Интернат — страница 16 из 36

Бедный Витин велосипед! Он только жалобно поскрипывал под нами. Витя сидел за рулем, я на багажнике, мы вместе крутили педали: Витины босые ноги упирались в мои, а новоявленный жених примостился на жесткой железной раме. Мы пересекли город, помахали на выезде темным интернатским окнам и двинулись по старому шоссе. Поздний воскресный вечер, машин на дороге мало, и наш драндулет несся под горку, как пьяная цыганская кибитка. Мы смеялись, и пустая, остывающая степь, на дальних горизонтах которой нежно оседала дневная пыль, подхватывала наш смех, он катил впереди нас и вместе с пылью затухал, оседал где-то далеко-далеко. Мы горланили песни, и они тоже обгоняли нас, высоко летели над степью, уже вроде и не имея к нам никакого отношения.

Степь да степь круго-ом.

Путь далек лежи-ит…

Ветер в лицо, чье-то счастье в лицо…

Приехали, нашли укромную ложбинку с хорошей густой травой. Мы с Витей расположились в траве, Толик, как партизан на задание, пошел в село, светившееся метрах в двухстах от нас. Мало-помалу угасло село, черной и прохладной стала земля и наоборот — ярким и жарким от звезд небо. Мы с Витей допили захваченную бутылку и лежали на спинах, положив руки под головы, и разговаривали на целомудренные, приличествующие моменту темы.

Правда, момент затягивался.

В конце концов мы заснули.

Проснулись от хохота, как от холодной воды. Над нами стояла Шура Показеева и, подбоченившись, смеялась. Платье у нее в росе, и смех у нее, как роса: искрился, обдавал веселыми брызгами.

— Ну и телохранители, самые настоящие суслики! Сурки…

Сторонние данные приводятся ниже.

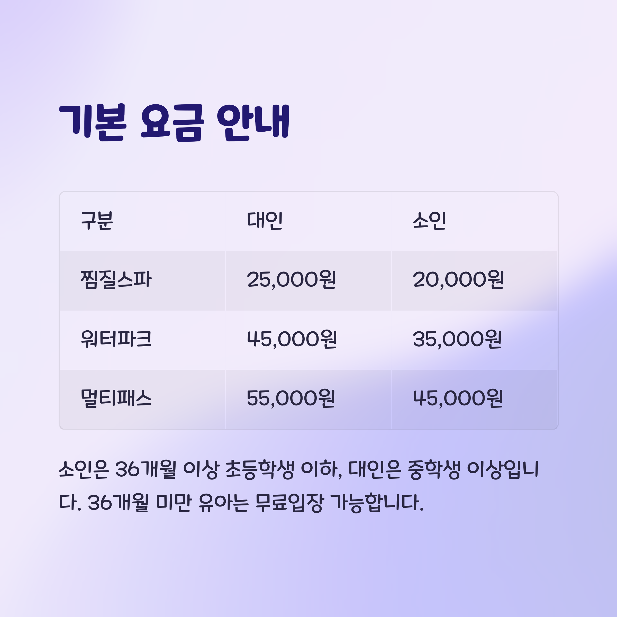소인은 36개월 이상 초등학생 이하, 대인은 중학생 이상이며, 36개월 미만 유아는 무료로 입장 가능하나 찜질복 및 타월은 제공되지 않습니다.

Останавливаться она не умела — это точно. Да она и не хотела останавливаться! Над нею сияло туго, до звона натянутое небо, первая заря полоскала ее пролившиеся волосы, первая роса выступила у нее в глазах. Чего ей останавливаться, она знала, как она хороша в сию минуту, эта чертовски рано выросшая Шура. Надо иметь зоркий глаз, чтобы в «Шуре, которая выйдет замуж за Голубенко», высмотреть сегодняшнюю красавицу.

Счастливчик Голубенко! Огородник с волшебной лейкой.

Огородник стоял рядом и смущенно улыбался. Так улыбаются счастливые собственники — чтобы не дразнить других. И хохочет так тоже только счастливая собственность — чтобы дразнить других.

Мы собрались. Толик и Шура стали прощаться. Она целовала его и что-то быстро-быстро шептала, пока мы с Витей, отвернувшись от них, налаживали драндулет.

Назад ехали иначе. Я спал на багажнике. Витя спал на раме, у него невесты не было, и на металлическом насесте он чувствовал себя вполне безмятежно. Голубенко в одиночку крутил педали и орал песни.

* * *

…Несколько лет спустя в краевом центре встретил и Юру Фомичева. Тоже стояло лето. Жара. Мы буквально столкнулись с Юрой на одной из центральных улиц.

— Привет, старина!

— Привет, старичок!

— Сколько лет!

— Гора с горой…

— Работаешь?

— Работаю. А ты?

— Учусь.

Оказывается, Юра учился в сельхозинституте на зоотехника, у него приближалось распределение. На нем белая курортная кепка, но руки у него черные, ломовые. Целина, стройотряд, поля и фермы родного колхоза — хорошие, честные руки.

— Специальность нравится?

— А что — двести рэ, — сказал он с вызовом.

От жары стоять больше на одном месте было невыносимо.

— Ну, будь здоров, старина.

— Бывай.

Боюсь, что если встречу его завтра, то он уже будет говорить не с вызовом, а с высокомерием. У человека своя дорога: к Юрию Тимофеевичу, которому улыбаются.

Руки жалко.

* * *

Спальня умела мстить. И ни один педсовет не мог поколебать ее негласное решение. Так было и с Женей Орловым. Женя — сын директора сельской школы. Обучался музыке и был, наверное, одаренным парнем. В селе музыкальной школы не было, и отец устроил его в город. Всем было ясно, что в интернате Женя — птица залетная, временная. Три раза в неделю после обеда уходил в музыкальную школу и возвращался только к вечеру. Вероятно, эта свобода — не надо сидеть на самоподготовке, когда весь класс под надзором классной руководительницы корпит над домашним заданием — и стала первой причиной неприязни к нему.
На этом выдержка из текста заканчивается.